* Provided material
•••••
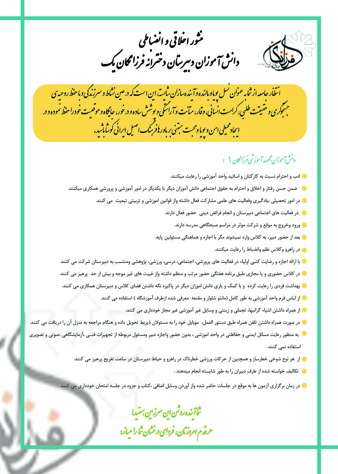منشور اخلاقی و انضباطی دانش آموزان فرزانگان یک
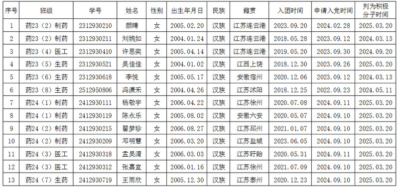 为充分发扬民主,把好党员发展质量关,经支部委员会研究,报上级党委备案同意,将颜晴等13名同志列为发展对象,现将有关情况予以公示。
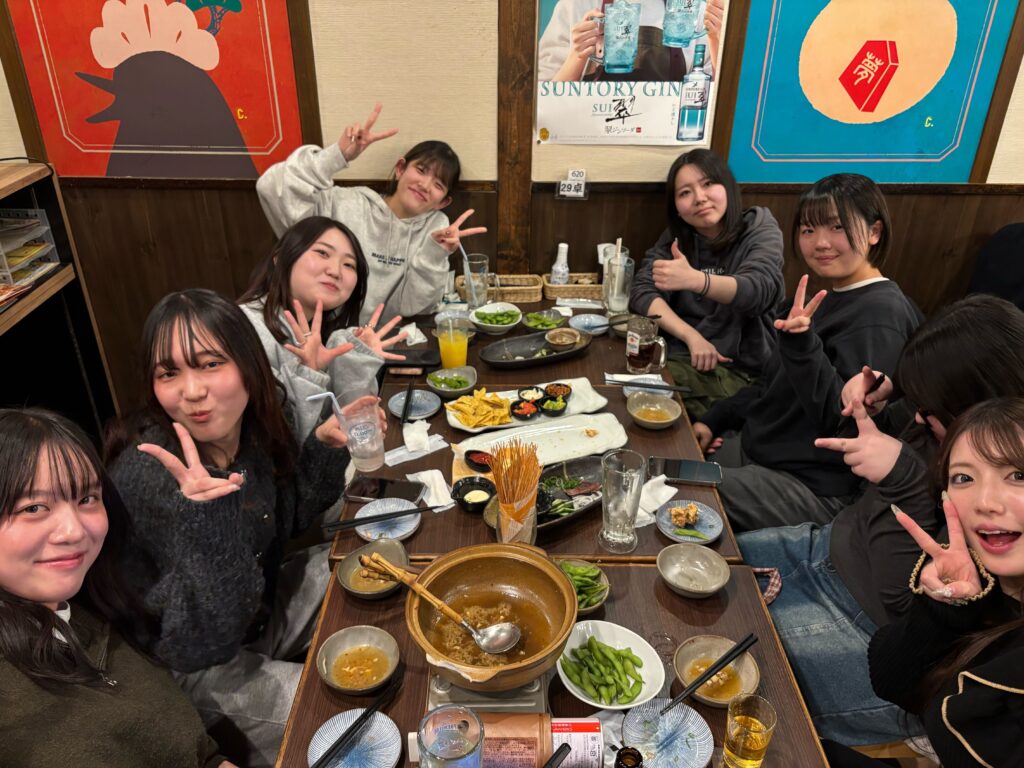 ゼミゴハンでは勝野先生とゼミ生で大学付近の美味しいお店に行きます。美味しいご飯とお酒が入るとゼミでは話せない内容も共有できてより仲が深まりました!
•••••
* Exercise
Pictures are not part of the answer, which must be the exact lines from the one holding "为充分发扬民主,把好党员发展" through the end of the material, both ends included.

* Answer
 为充分发扬民主,把好党员发展质量关,经支部委员会研究,报上级党委备案同意,将颜晴等13名同志列为发展对象,现将有关情况予以公示。
 ゼミゴハンでは勝野先生とゼミ生で大学付近の美味しいお店に行きます。美味しいご飯とお酒が入るとゼミでは話せない内容も共有できてより仲が深まりました!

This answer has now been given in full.